Boris Johnson has a duty in the north
bet. · It was the big surprise of the British general election last December: The Conservative Party under Prime Minister Boris Johnson managed to conquer many constituencies that traditionally belong to the Labor camp. Most of them are in the north of England, where the industry has withdrawn as a mass employer over the past few decades. Johnson not only promised the final Brexit, but also an investment boost for the recovery in the parts of the country. He did not cancel the rain of money because of the Corona crisis.
The former Labor constituencies have actually been left behind over the past decade from an economic point of view, says Charlie McCurdy of the Resolution Foundation think tank. Real wages, employment and house prices grew more slowly there than in the rest of the country. One reason is the reluctance to spend that the British government had to impose in the wake of the global financial crisis. This also affected the financial allocations to the regions, and of these, those suffered most where the state already plays a major role as an employer or client - that is, precisely the structurally weaker parts of the country.
London prefers itself
London centralism and the fiscal preference for the capital and the south-east are also considered to be the cause. The north of England did not have a fair share of the state investments, complains Andy Ogden, head of the yarn and textile manufacturer English Fine Cottons near Manchester. Westminster politicians should stop focusing on London and the surrounding area of the capital.
The neglected infrastructure plays a major role for Ogden: “The north needs a fantastic infrastructure so that it can be in the center of the world. Today the world is the sales market. " Boris Johnson promises countermeasures here. The government's latest budget gives priority to capital investments, such as railways and roads, over increases in current spending. The projects are intended to specifically benefit the “lagging” regions of the country.

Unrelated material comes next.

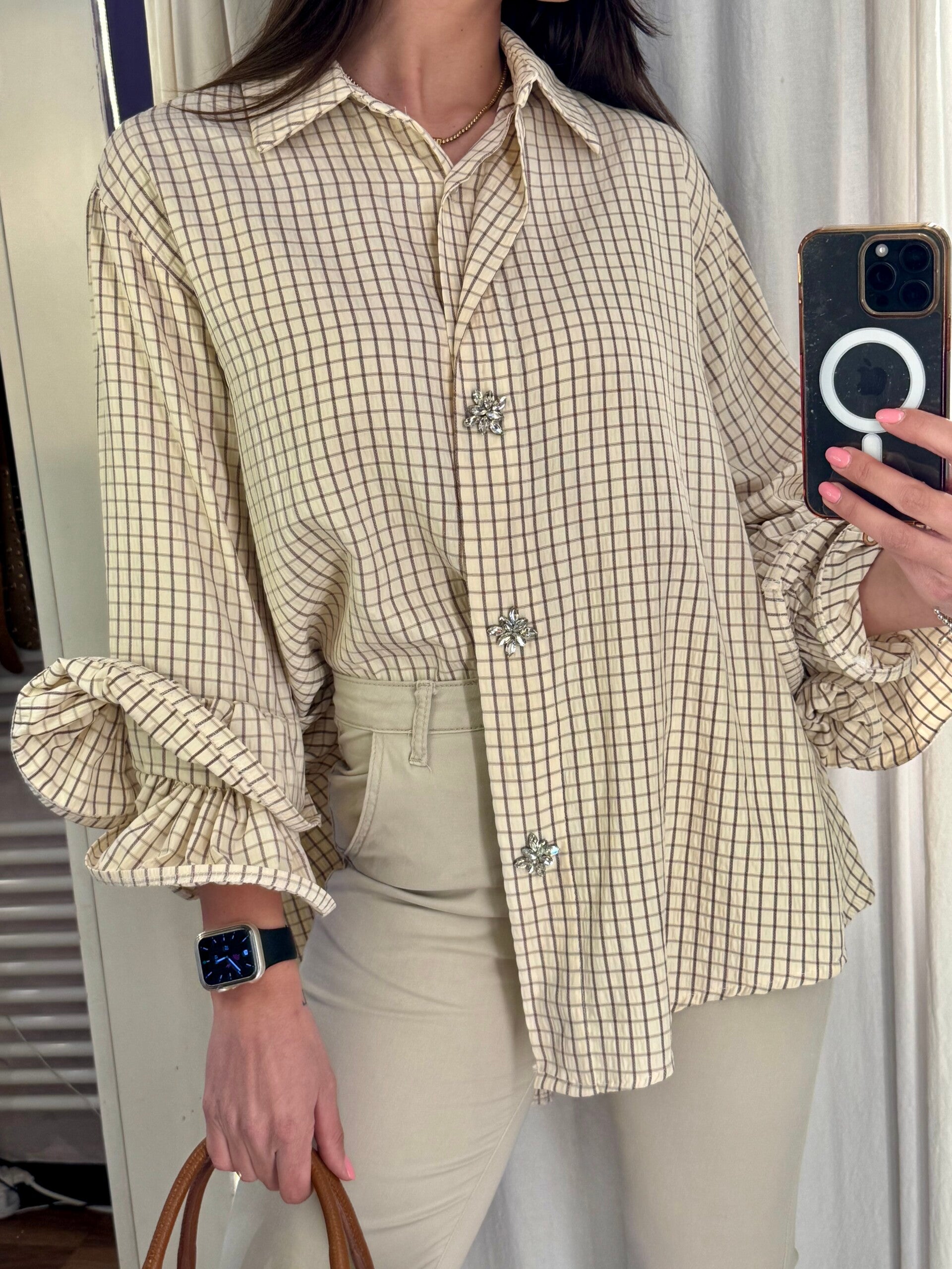 Camicia dal fascino raffinato con delicata fantasia a quadri e dettagli gioiello sui bottoni che illuminano il capo. Le maniche ampie con volant donano movimento e rendono il look elegante ma originale.
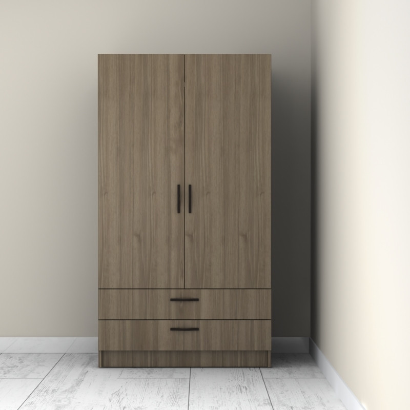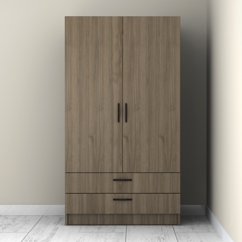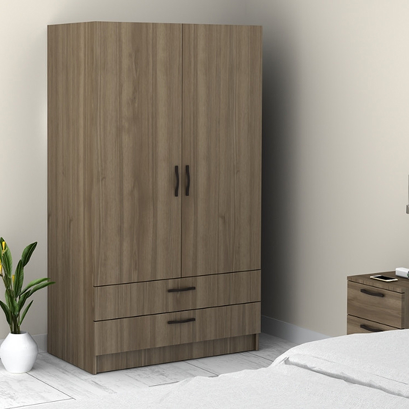 Ντουλάπα ρούχων Victoria δίφυλλη με συρτάρια χρώμα καρυδί 100x60x181εκ.

Infrastructure is not a panacea
London has promised investments in the three-digit billion range for the next five years. But the experts from Oxford Economics emphasize that no quick remedial action is to be expected: Expenditures traditionally get going slowly and take years or decades to fully develop. If you want to accelerate this, there is a risk of worse policy decisions, which in turn threatens the long-term benefits. The government's obsession for large transport projects, among other things, will not solve the deep-seated problems, judges the think tank The UK in a Changing Europe and calls for more attention to be paid to education, training and social policy.